A remnant of the accessory region of RSF1010 comprising the sul2 and strA genes and the first 223 nucleotides of the strB gene was found downstream of the repC gene on both pQGU13 and pQGU16 (Fig. 1). The strB gene was disrupted by a novel truncated Tn3-like transposon that contained a class I integron expressing the OXA-10 variants as the first cassette. Moreover, the integron contained a nonfunctional second cassette consisting of a truncated AAC(I) aminoglycoside acetyltransferase open reading frame (ORF) from which both the 5′ and 3′ ends were missing and that was similar to the aacA38 gene found in In883 (GenBank accession number KJ668593). The intergenic region between the two cassettes had collapsed, while the integron 3′ conserved sequence (CS) was absent (Fig. 1). The integron 5′ CS, containing the attI1 site and the class I integrase gene (intI1), was 100% identical to the one found on the Tn1404 element identified on plasmid R151 of P. aeruginosa POW 151 (8). Downstream of intI1, the integron inverted repeat IRi was found to adjoin the transposition module that consisted of a resolvase gene and a transposase gene in the opposite orientation. In pQGU16, a 33-bp terminal inverted repeat (TIR) sequence was detected downstream of tnpA, forming the right extremity of the transposon and interrupting the remnant of the ISCR2 transposase gene found on the variable region of RSF1010 at the vicinity of the plasmid’s replication origin (Fig. 1). In E. cloacae WW13, the TIR region of the IncQ plasmid was interrupted by the IS4321 element (Fig. 1).

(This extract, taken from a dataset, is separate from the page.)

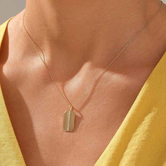 14k Flat Emerald Shape Line Diamond Pave Necklace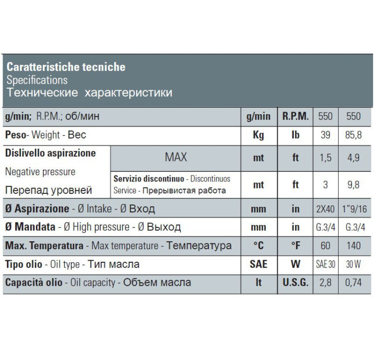 Производительность Bertolini CKA 146 РP — 141 л/мин. |

Sequences analyses indicated that pQGU13 may have originated from a molecule that had the structure of pQGU16, as IS4321 elements are known to recognize and be inserted into terminal inverted repeat sequences of Tn21/Tn3-like transposons without forming any target site duplication (35). The progenitor of pQGU13 and pQGU16 most likely emerged during an initial transposition event inside the truncated ISCR2 transposase gene of RSF1010, as it is indicated by the intact right end of the Tn3-like transposon in pQGU16. Although the structures of the novel plasmids do not permit the reconstruction of the exact events that led to their emergence, some assumptions based on sequence comparisons can be made. The transposition module of the novel Tn3 element was 99% identical to the one identified in WGS data of an Aeromonas sp. isolate recovered from an artificial lake in Malaysia (Aeromonas sp. strain L_1B5_3 [BioProject accession number PRJNA270791]). The Aeromonas Tn3-like transposon appears to be intact, as both TIR regions are present bracketing the transposition module along with two accessory metabolic genes and, most likely, resides on an IncQ3 plasmid (contig 10; GenBank accession number JXIR01000010; Fig. 1). Based on the information presented above, the ancestor of pQGU13 and pQGU16 probably emerged through transposition of the IncQ3 Tn3-like transposon into the accessory region of an RSF1010-like plasmid. The subsequent replacement of the two transposon accessory ORFs by the OXA-expressing class I integron may have occurred at a single step through homologous recombination. Indeed, there are already described complex structures where class I integrons are colocalized with strA-strB-carrying Tn3-like transposons (e.g., Tn1403 carrying the Tn5393c strA-strB Tn3-like transposon located on plasmid RPL11 of P. aeruginosa [36]). Evidence of such crossovers can be observed in the sequences of the novel OXA-expressing plasmids, such as those of the ΔstrB-ΔaacA38 region, where the respective intact genes share a high homology (Fig. 1). Similarly, collapse of the 59-bp element of the bla_OXA cassette along with the start codon of aacA38' may have resulted from homologous recombination (Fig. 1).

These observations strengthen the notion that recombination events have a key role in shaping the structure of IncQ plasmids (32, 37). Indeed, their unique replication mechanism, where extended parts of the molecule remain single stranded for prolonged periods of time (30), favors both intra- and intermolecular priming, leading to the excision and exchange of genetic structures. In the case of the novel OXA-expressing IncQ1 plasmids, some hypotheses can be made regarding the potential habitats and bacterial species that hosted the above-described genetic exchanges. Both the Aeromonas sp. and P. aeruginosa, which contain mobile genetic structures highly similar to those identified in pQGU13 and pQGU16, are important components of aquatic microbial communities (38–42). Thus, while RSF1010-like plasmids are widespread and are recovered from various sites, the acquired region of the novel IncQ1 plasmids suggests that these plasmids could have emerged in aquatic ecosystems.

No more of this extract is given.